*** INFORMATION GIVEN ***

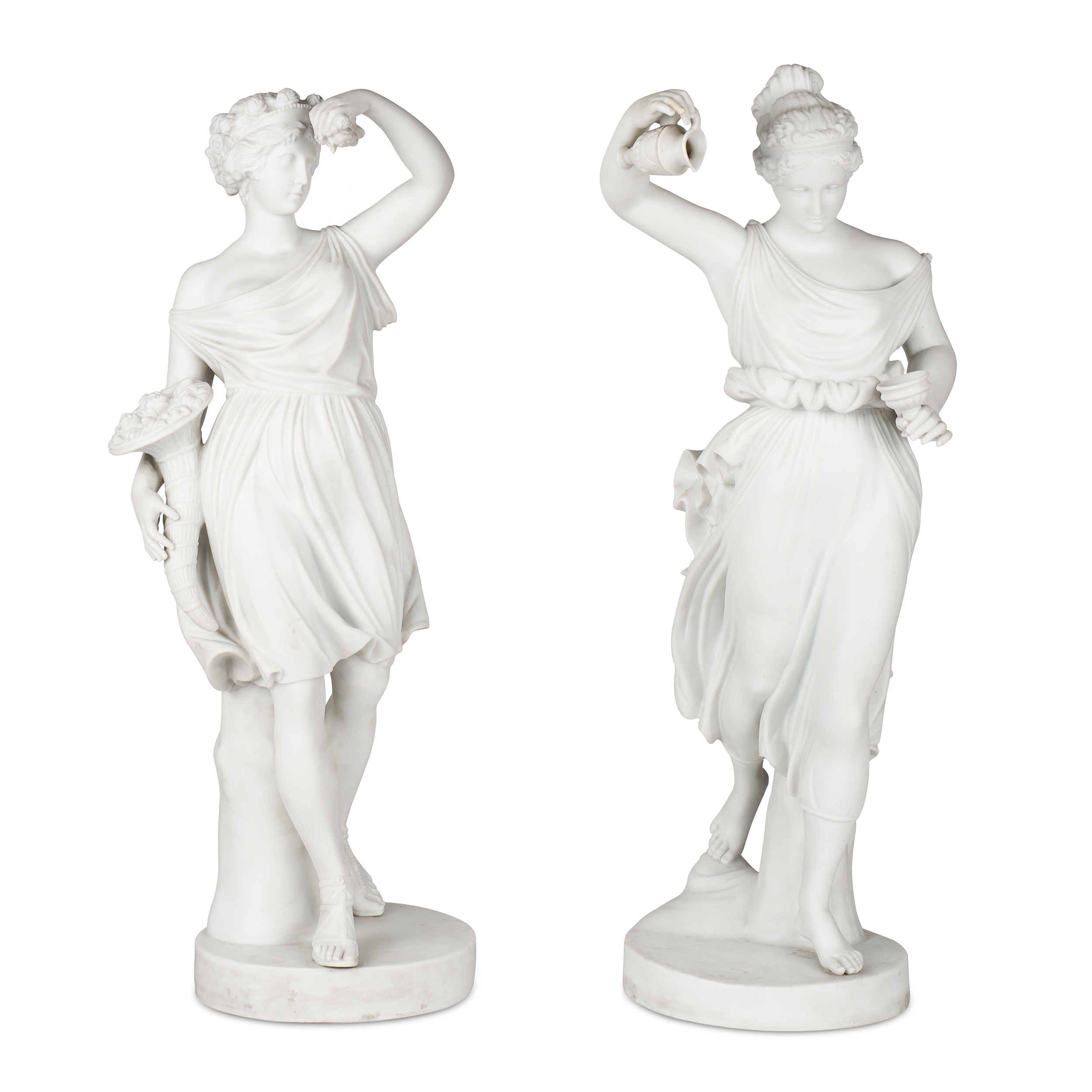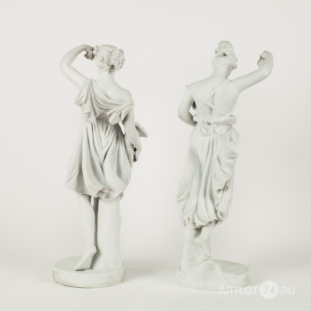 Скульптура «Геба» выполнена по мотивам работы А. Кановы. Бисквит, лепка, формовка, Европа, начало XX века, размер (в/ш/г): 53,5 х 22 х 19 и 52 х 20 х 19 см
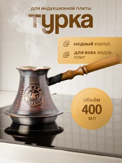 Медная турка для любой плиты джезва ручной работы, 400 мл
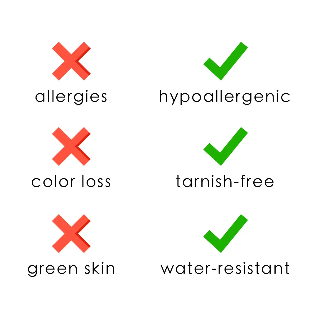 We make our jewelry with the best stainless steel and coat it with 18k gold using a cool technique called PVD (Physical Vapor Deposition). This is a new and better way of coating that makes the gold layer super thick, eco-friendly and strong.
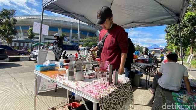 Tak hanya itu, dua buah tikar digelar untuk digunakan pembeli sambil menikmati kopi yang dijualnya. Kepada detikJabar, Fahmi mengaku sudah berjualan kopi di sekitar Stadion GBLA setahun yang lalu.
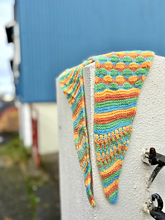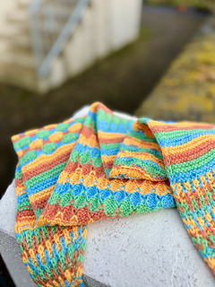 Choose four colors of fingering weight wool like West Wool Bicycle to knit this quick and colorful skinny scarf. There are lots of simple garter stitch striped sections for easy relaxing knitting. Follow the brioche section next or a simpler moss stitch option for a non-brioche version. As the fabric grows, enjoy slipped stitches and bubble stitches with playful pops of color. This small scarflet is a great travel project and it’s perfect for gift knitting!
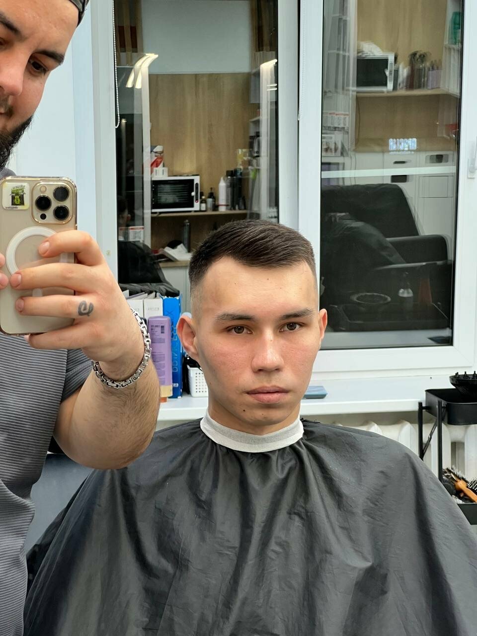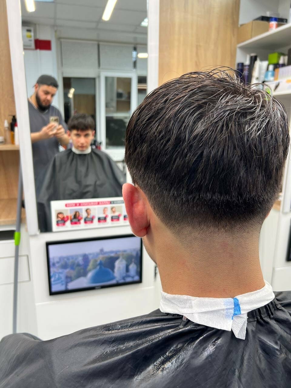 Просил оставить височную часть вертикальный, даже показал на парикмахере,, но испортил всё закруглив, как на колобке. Фамилия парикмахера Муразов, не пользуйтесь его услугами!!!
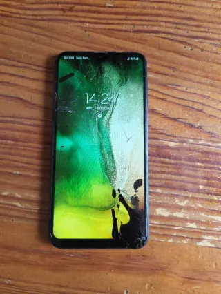Samsung Galaxy A10. El cristal de la pantalla no está roto pero no funciona bien, le salen rayas de vez en cuando, tiende a ponerse un poco blanca y el táctil en el borde derecho falla. Aun así se puede utilizar. Comprobado llamadas, puerto de carga, altavoz, micro, jack de auriculares, WiFi, cámaras, batería, todo perfecto. No tiene bloqueo ni cuentas. Sin caja ni cargador. Para piezas. Sin devolución. No regateos.
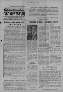 y - y j •7 Пролетарии всех странt соединяйтесь) I^UueJcmuBmtA Орган Карасукского райкома Коммунистической партии Советского Союза и районного Совета депутатов трудящихся Новосибирской области 128 (2778)1 Пятница, 21оитября I960 г.1Цена 15 ноп. *Чтобывклубе зимойбыло,* как летом Сельский клуб—центр культурно-массовой работы на селе. Зимним вечером, после трудового дня молодежь должна найти здесь полное удовлетворение. Да и только ли молодежь? Пожилой колхозник или рабочий тоже непрочь пойти в кино, на концерт или посидеть в теплой, уютной библиотеке за газетой или журналом. Очень важно, чтобы в этих очагах культуры каждый почувствовал себя не хуже, чем дома. Спасибо скажет население культпросветработникам, которые вместе с руководителями на местах заранее позаботились сделать всё, чтобы в библиотеке и клубе зимой было, как летом. Почему, например, Аетрадымский, Троицкий клубы и библиотека заблаговременно отремонтированы, и зима,будь хоть того она холоднее,не страшна молодежи? Потому что председатель сельского Совета т. Макеева и управляющий пятой фермой совхоза им. Дзержинского т. Евсюков в горячие дни уборки не забыли о подготовке культурно-просветительных учреждений к зиме. Не сидели без дела и заведующие клубов, библиотеки и киномеханики, которые сами занима- лисьремонтом печей, заготовкой топлива, отремонтировали и дополнительно приобрели мебель в нужном количестве. Многое сделано по подготовке Поповского, -Хорошин- ского, Токаревского, Ново-Андреевского, Тархановского клубов, Чернокурьинской библиотеки и Карасукского Дома культуры. В основном своими силами здесь отремонтированы печи, полы, оштукатурены степы. В Доме культуры введено в строй водяное отопление, полностью завезено топливо. Однако до сих пор не готовы Карасартовский, Калиновский, Кучугурский, Михайловский и Благодарений сельские клубы и клубы Октябрьского сельсовета, хотя зима уже на пороге. Заведующие этих очагов культуры ожидают, когда руководители сельсоветов и колхозов придут к ним и предложат утеплить помещения, а то и мебель принести на своих плечах. В таком случае законны опасения, что в холодных клубах наши «завы» заморозят всю работу. Чтобы не допустить этого, руководителям на местах ' необходимо в ближайшее время принять надлежащие меры. Вот, скажем, в Михайловском сельском клубе монтаж парового отопления не закончен по той причине, что председатель колхоза «Маяк Ильича» т. Барило отделывается по- '}) ка обещаниями, хотя знает заранее, что дело в основном 71 зависит от его вмешательства. 0 Не проверена отопительная система в Благодатском л клубе, но руководители тт. Крупа и Васильев — ноль внимания таким «мелочам». Надо заметить, что на жалобы юношей и девушек—только успевай отвечать. Они не хотят признавать никаких причин и отговорок; им после трудового дня—подай клуб, веселье. Конечно, у руководителей на первом плане полевые работы и животноводство. С одной стороны они правы, но лишь в том случае, если и культурные потребности людей, умножающих трудовую славу хозяйств, удовлет- Ч. ворены полностью. $ Об этом нельзя забывать ни на минуту и всемер- 4 но помогать в работе заведующим клубов и библиотек на местах. Работники печати, радио и телевидения, издательств и культурно-просветительных учреждений! Будьте неутомимыми пропагандистами и проводниками в массы вс

*** End of INFORMATION GIVEN ***

Nothing but an exact copy is asked for: the lines from the start of the records through the line with "Просил оставить височную", both ends included, minus any pictures.

 Скульптура «Геба» выполнена по мотивам работы А. Кановы. Бисквит, лепка, формовка, Европа, начало XX века, размер (в/ш/г): 53,5 х 22 х 19 и 52 х 20 х 19 см
 Медная турка для любой плиты джезва ручной работы, 400 мл
 We make our jewelry with the best stainless steel and coat it with 18k gold using a cool technique called PVD (Physical Vapor Deposition). This is a new and better way of coating that makes the gold layer super thick, eco-friendly and strong.
 Tak hanya itu, dua buah tikar digelar untuk digunakan pembeli sambil menikmati kopi yang dijualnya. Kepada detikJabar, Fahmi mengaku sudah berjualan kopi di sekitar Stadion GBLA setahun yang lalu.
 Choose four colors of fingering weight wool like West Wool Bicycle to knit this quick and colorful skinny scarf. There are lots of simple garter stitch striped sections for easy relaxing knitting. Follow the brioche section next or a simpler moss stitch option for a non-brioche version. As the fabric grows, enjoy slipped stitches and bubble stitches with playful pops of color. This small scarflet is a great travel project and it’s perfect for gift knitting!
 Просил оставить височную часть вертикальный, даже показал на парикмахере,, но испортил всё закруглив, как на колобке. Фамилия парикмахера Муразов, не пользуйтесь его услугами!!!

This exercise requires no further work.